GM first-quarter profit soars to $3.2 billion
General Motors Co. had its most profitable quarter in more than a decade, posting $3.2 billion in earnings as it sold more cars in the U.S.
But on Wall Street the blockbuster results were not enough to counter growing worries among investors that a shaky economic recovery and high gas prices could dampen sales. GM shares fell $1.02, or 3%, to close Thursday at $32.02.
Analysts noted that a large share of the profits came from the sale of GM’s stakes in parts supplier Delphi Automotive and Ally Financial, which netted $1.9 billion for the automaker. Also, earlier in the quarter, GM leaned heavily on incentives to boost its market share.
Still, the earnings marked GM’s fifth straight profitable quarter.
“It’s definitely a very solid performance, particularly for a company that’s not two years out of bankruptcy,” said Bill Visnic, senior analyst with Edmunds.com. “GM seems to be improving its profitability on a reasonably consistent and sustainable trajectory, but there are still some mixed things here.”
A main concern is high gas prices, currently averaging around $4 a gallon nationwide, and their effect on GM’s portfolio of fuel-hungry trucks and SUVs. The company sold at least 54,000 more trucks than it did cars in the first quarter.
“A lot of their fuel efficiency talk is hinged on the Chevrolet Cruze,” Visnic said. “They’re better prepared than they have been, but it’s still far from ideal. If gas prices stay high, it could be a rough few months.”
This week, GM said it was recalling more than 154,000 Cruze cars to inspect steering shafts, mainly as a precaution, executives said. The vehicles, the company’s top-selling car in April, first sold in the U.S. and Canada in September.
GM reported torrid first-quarter sales of small cars and crossovers. The company sold more than 593,000 vehicles in the U.S., a 24% year-over-year gain.
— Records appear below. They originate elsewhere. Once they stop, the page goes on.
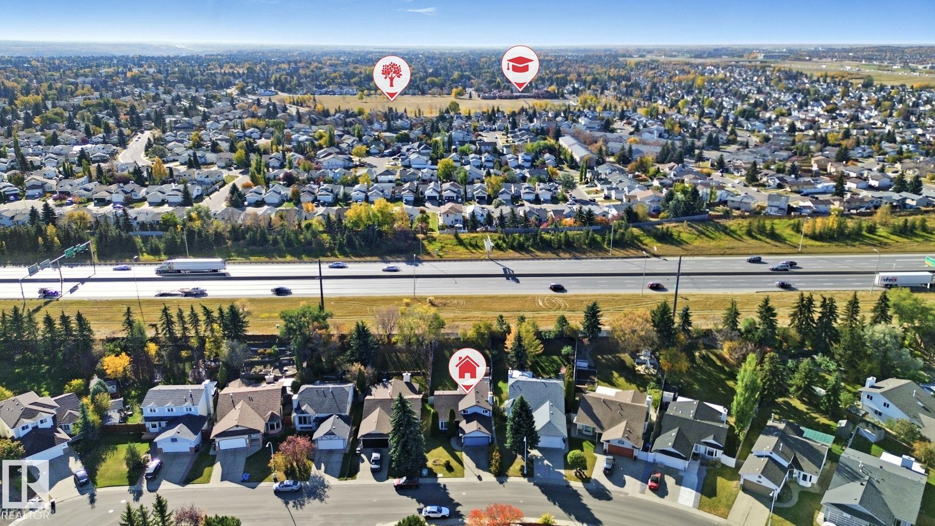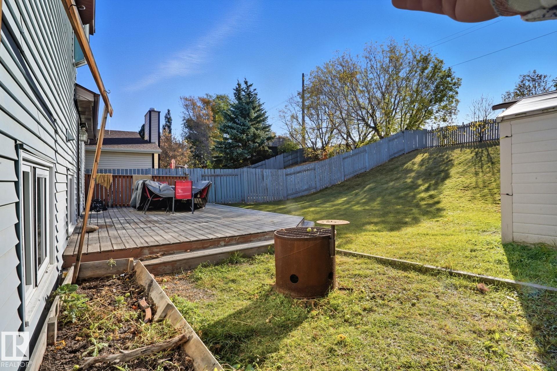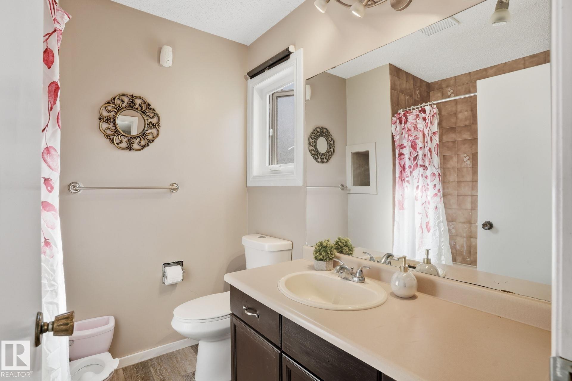 Welcome to this well-maintained 4-level split in the desirable Aldergrove community of west Edmonton. This spacious home offers 4 bedrooms, 3 full bathrooms, and a double attached garage. The main level features formal living and dining areas, while the bright, separate kitchen is enhanced by large south-facing windows and updated cabinetry. The upper level includes a primary bedroom with ensuite, plus two additional bedrooms and a full bathroom. The third level offers a family room with a brick wood-burning fireplace, a fourth bedroom, and another full bath. The lower level provides a large recreation room, ideal for flexible living or entertaining. Recent updates include a new roof (September 2025) and newer washer and dryer. Enjoy the expansive south-facing yard with deck and mature landscaping. Conveniently located near West Edmonton Mall, schools, parks, golf, and public transit.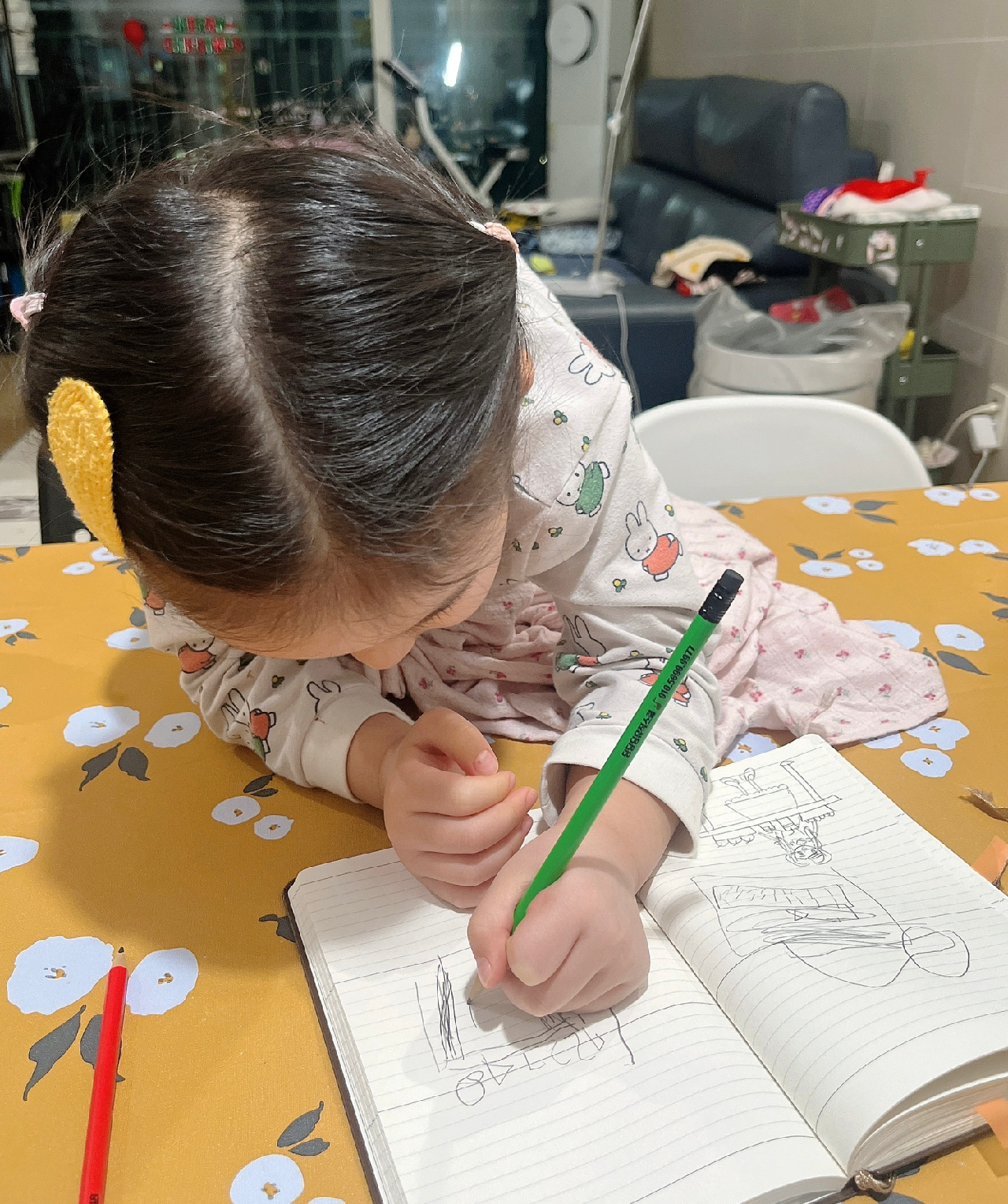 내가 쓰는 걸 보고 수지가 내 앞에 앉더니 자기도 쓰고 싶다고 했다. 그래서 노트 한 권과 연필을 줬다.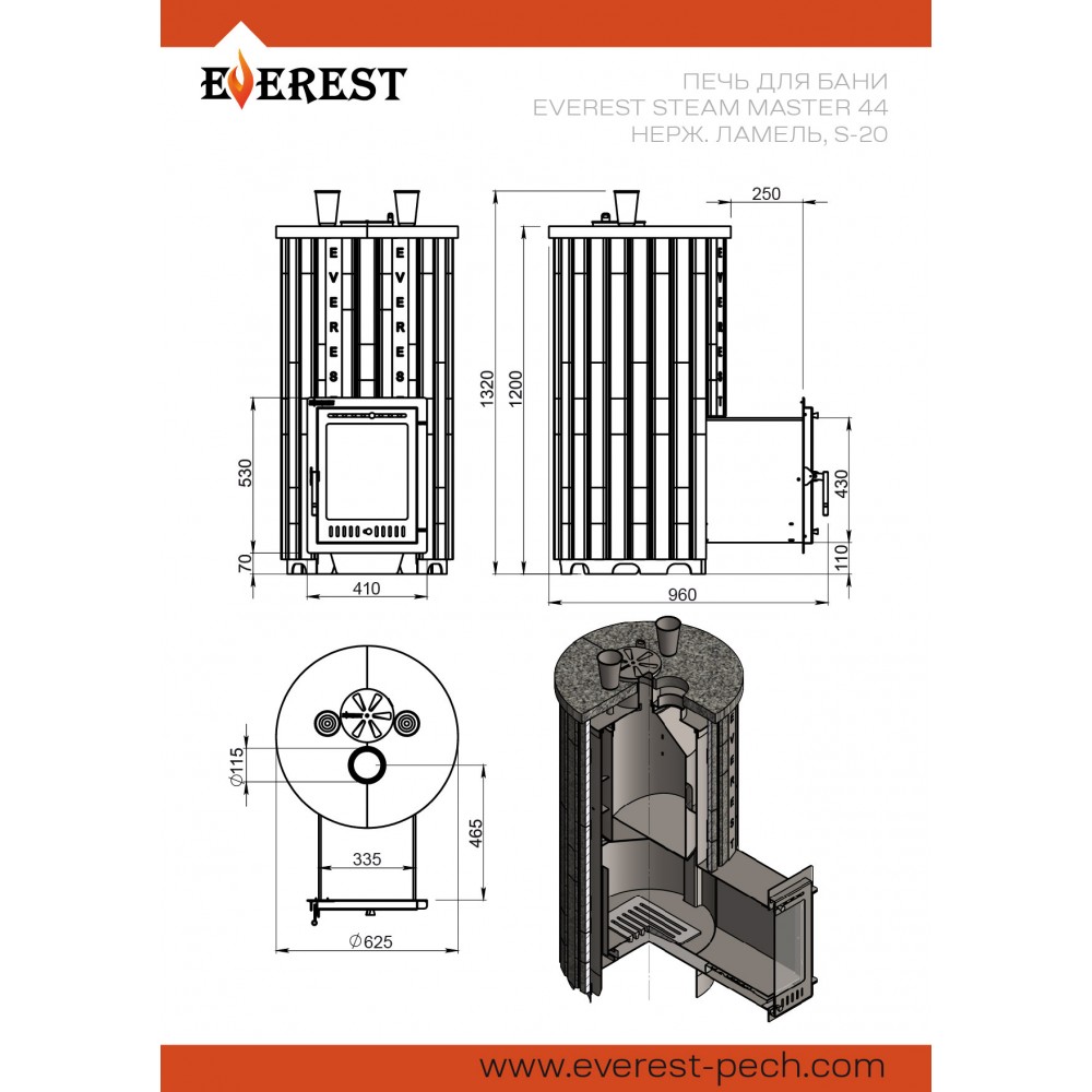Печь для бани Эверест "Steam Master 44 INOX" Ламель Талькохлорит, S-20 изготовлена из нержавеющей стали. Печь предназначена для установки в частные и коммерческие бани с объёмами парных помещений до 44 м³.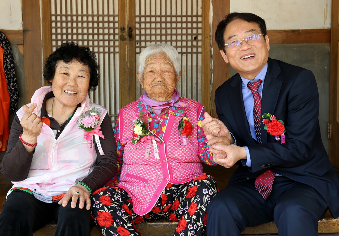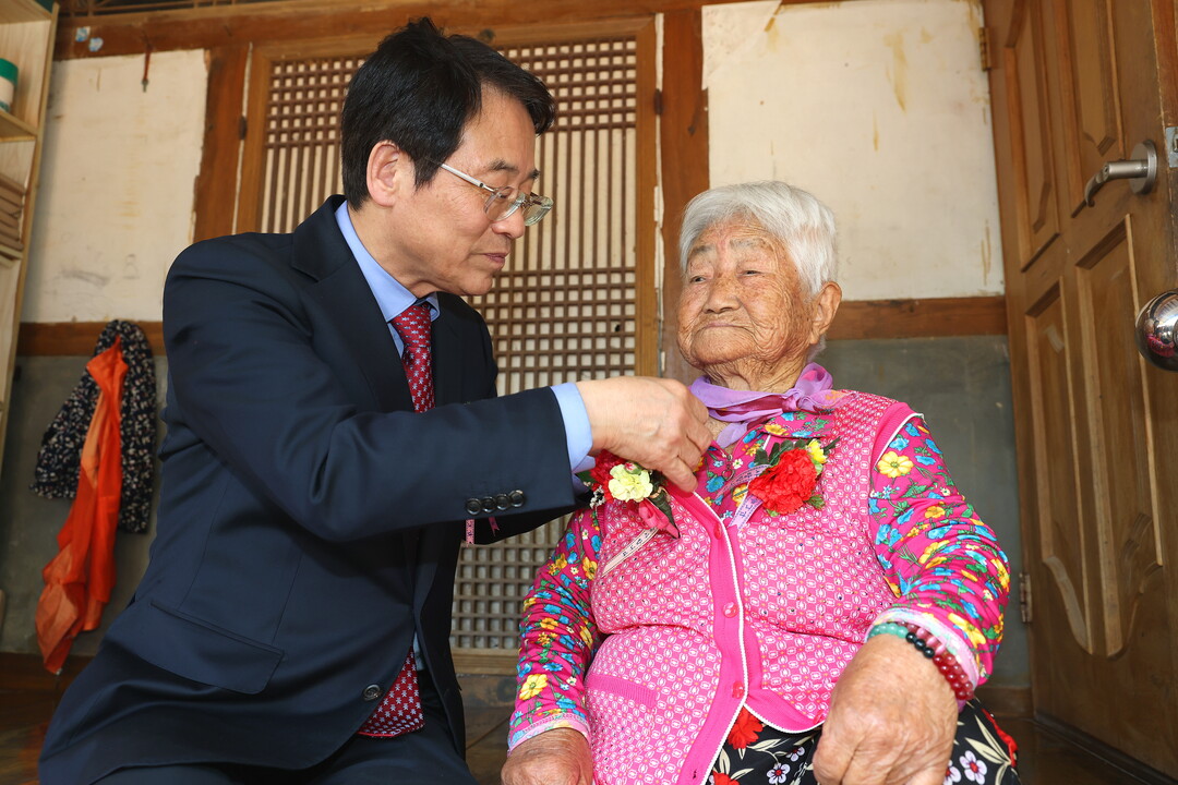 | ▲ 강진원 전남 강진군수가 지난 8일 어버이날을 맞아 100세를 맞은 대구면 청룡마을 전순엽 할머니 집을 직접 방문해 붉은 카네이션을 달아드린 뒤 "어르신, 늘 건강하시고 오래오래 저희 곁에 있어주세요"란 안부를 묻고 있다. [강진군 제공] |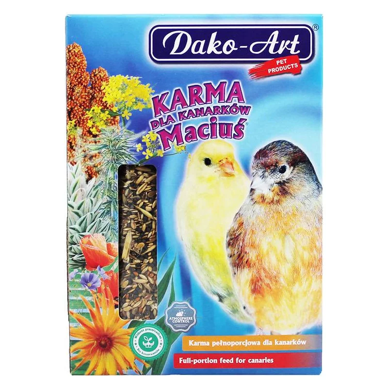 Karma pełnoporcjowa dla kanarków. Mieszanka paszowa. Skład (ziarna zbóż - 58,6%) kanar, murzynek, owsik, proso, proso czerwone, (nasiona oleiste - 41,4%) konopie, len, rzepak, rzepik. Sposób stosowania: Karmę podawać w małych dawkach dwa - trzy razy dziennie. Pakowane w atmosferze ochronnej.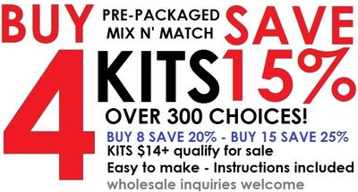 It's that time again - our semi-annual kit sale is ON - now thru mid-November and includes all our kits prices $14 or more. Many of our kits are perfect for beginners and younger creative types. All of our Chevron styles (over 40 Choices), new Tranquility, Micro Chev3 and Skipping Stones kits can be put together with NO TOOLS! They’re a great hands-on activity for family gatherings, parties, girls night out, gifts and more. They’re great to have on hand for a fun creative project any time. The more you buy, the more you save! Wholesale and high volume buyers can double up THEIR DISCOUNT on this studio-based promo as well - creating net discounts of up to 47.5%!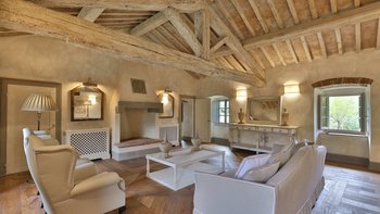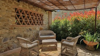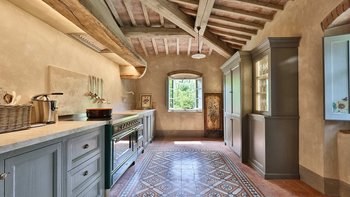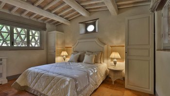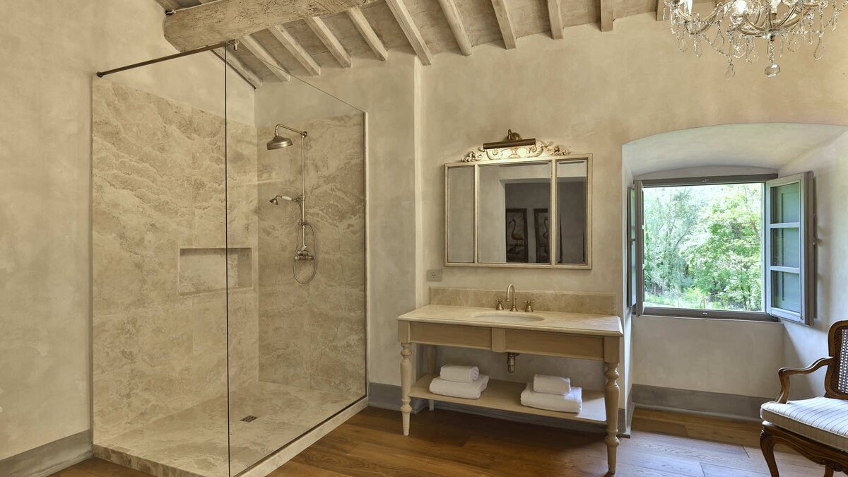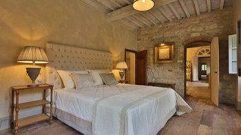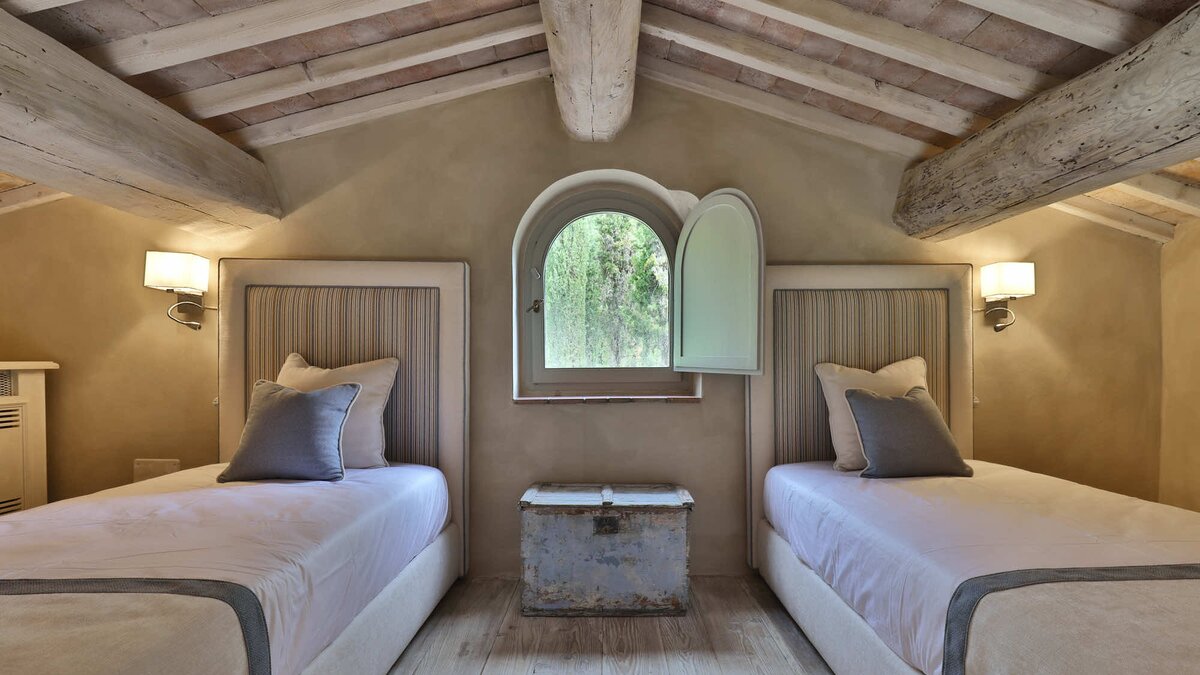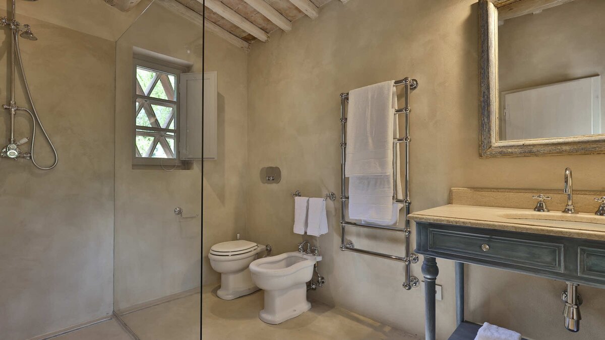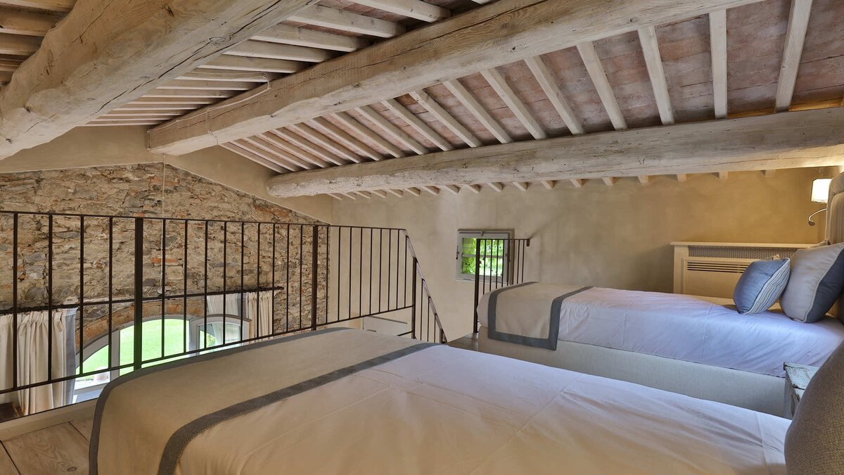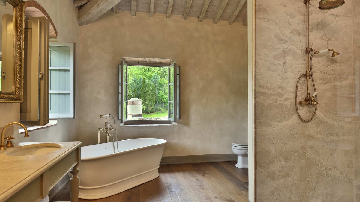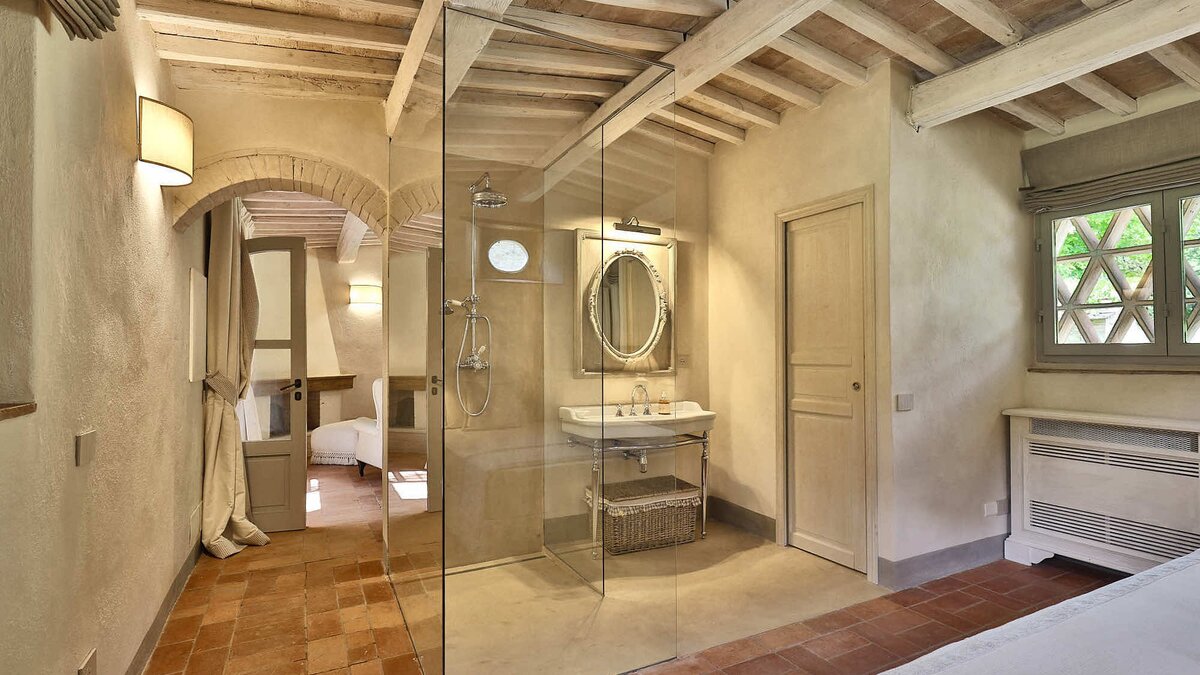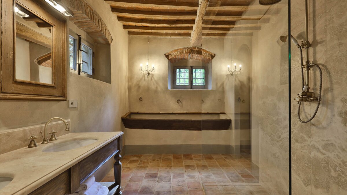 Tenuta del Vescovo ist ein wunderschönes historisches Haus, das mehr als tausend Jahre alt ist und ursprünglich als Getreide- und Weizenmühle erbaut wurde. Deren historische Landschaft rund um die Villa ist reich an üppigen Grüngesetzen, Olivenbäumen und Hanglagen. Im Inneren des Hauses befinden sich der Eingangsbereich, das Esszimmer und die Küche im Erdgeschoss, und es verfügt über sechs elegante Schlafzimmer. Deren erstes ist 'I Cipressi’, das Hauptschlafzimmer mit zeitlosen Grüntönen, die die lebhaften Zypressen im Garten widerspiegeln. Deren geräumige Bad zeichnet sich durch die Präsenz einer freistehenden Badewanne aus, von der aus die Gäste einen bezaubernden Blick bewundern können. 'Il Susino’ ist ein Schlafzimmer mit Doppelbett, das Charme und Eleganz ausstrahlt, mit freiliegenden Holzbalkendecken und Rosatönen, die von den Pflaumenbäumen im Garten inspiriert sind. 'La Camera Antica’ verfügt über einen Parkettboden, einen Kristallleuchter, ein eigenes Duschbad und ein luxuriöses und Super-Kingsize-Bett. 'Le Macine’ ist eine Doppelsuite in dem ehemaligen Stall der Villa mit direktem Gartenblick, einer überdachten Terrasse und einem Sitzbereich im Freien und Freien. Es grenzt an den Raum, in dem die Mühlsteine sorgfältig erhalten werden. 'Il Rosmarino’ befindet sich auf der linken Seite des Gebäudes und besteht aus einem Doppelzimmer im Erdgeschoss mit eigenem Bad sowie einem Zwischengeschoss mit zwei Einzelbetten. Dieses Zimmer öffnet sich auch zu einer Seitenterrasse mit einem Essbereich. ''Il Leccio’ ist das Gästehaus, das aus einem alten Sägewerk umgebaut wurde. Ins Innere besteht das Gästehaus aus einem Wohnzimmer mit Kamin, einer Küche mit einer historischen Marmorspüle und einem Hauptschlafzimmer mit offener Dusche.
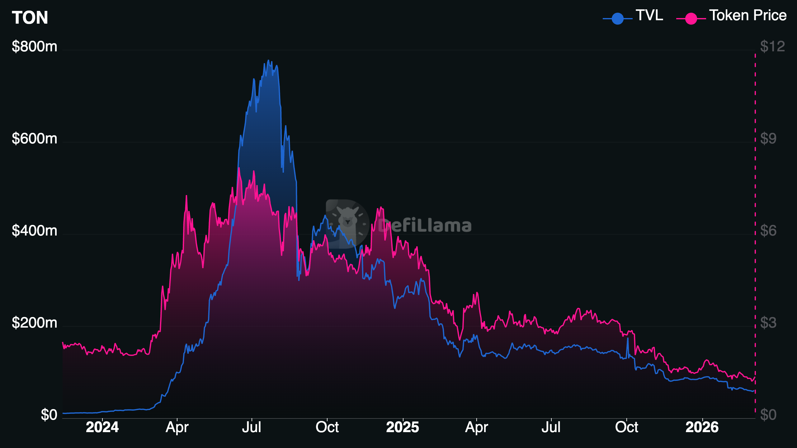 図1: TON TVL・TON Price推移(2024–2026)
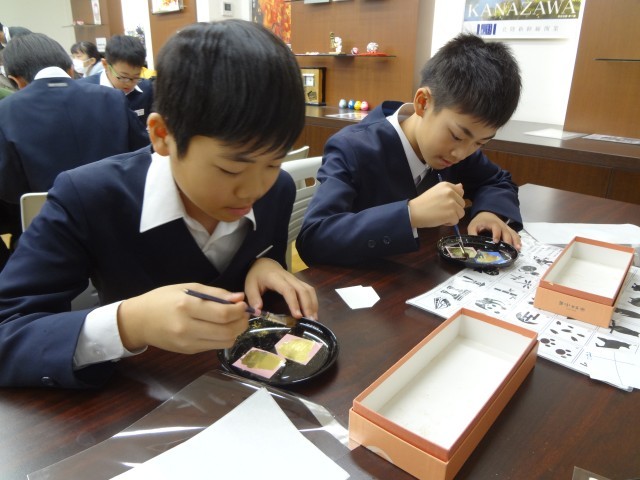 石川県歴史博物館、県立美術館、兼六園、金沢城公園で見学しました。それから、しめ太鼓、金箔貼り、加賀八幡起上りから希望したものづくり体験も体験し、歴史や文化にふれる貴重な機会となりました。

The company said its share of the U.S. market has expanded to 19%, up from 18.4% in the first quarter last year..
The company sold 2.2 million vehicles worldwide and may soon reclaim its position as the world’s largest automaker from Toyota, which is grappling with post-earthquake supply problems.
GM’s first-quarter revenue jumped 15%to $36.2 billion, up $4.7 billion from the same period in 2010. The company’s profit more than tripled from $865 million in the year-ago period.
The company said its core North American unit earned $2.9 billion before taxes and interest, more than double the $1.2 billion in the same three-month period in 2010.
GM recorded $480 million in first-quarter pre-tax profit from its international operations in Asia, down 47% from the same period last year. But the company held onto a 13.6% share of the still-growing Chinese market. Profit in South America slipped to $90 million from $265 million in the year-ago period.
Europe was again a sore spot, with a $400-million pre-tax loss, though it narrowed by $87 million from the same period last year.
In February, GM announced its first annual profit in six years. Its quarterly report follows a $2.6-billion profit announced by Ford last week. This week, Chrysler recorded its first profit — $116 million — since emerging from bankruptcy nearly two years ago.
GM’s report is good news for the U.S. government, which is mulling whether to sell more of its stake in the company later this month after its multibillion-dollar bailout in 2009.
“All in all, a good start to the year,” said chief executive Dan Akerson in a conference call with investors, adding that “the job is by no means done. We have a lot of work to do.”
Staff writer Jerry Hirsch contributed to this report.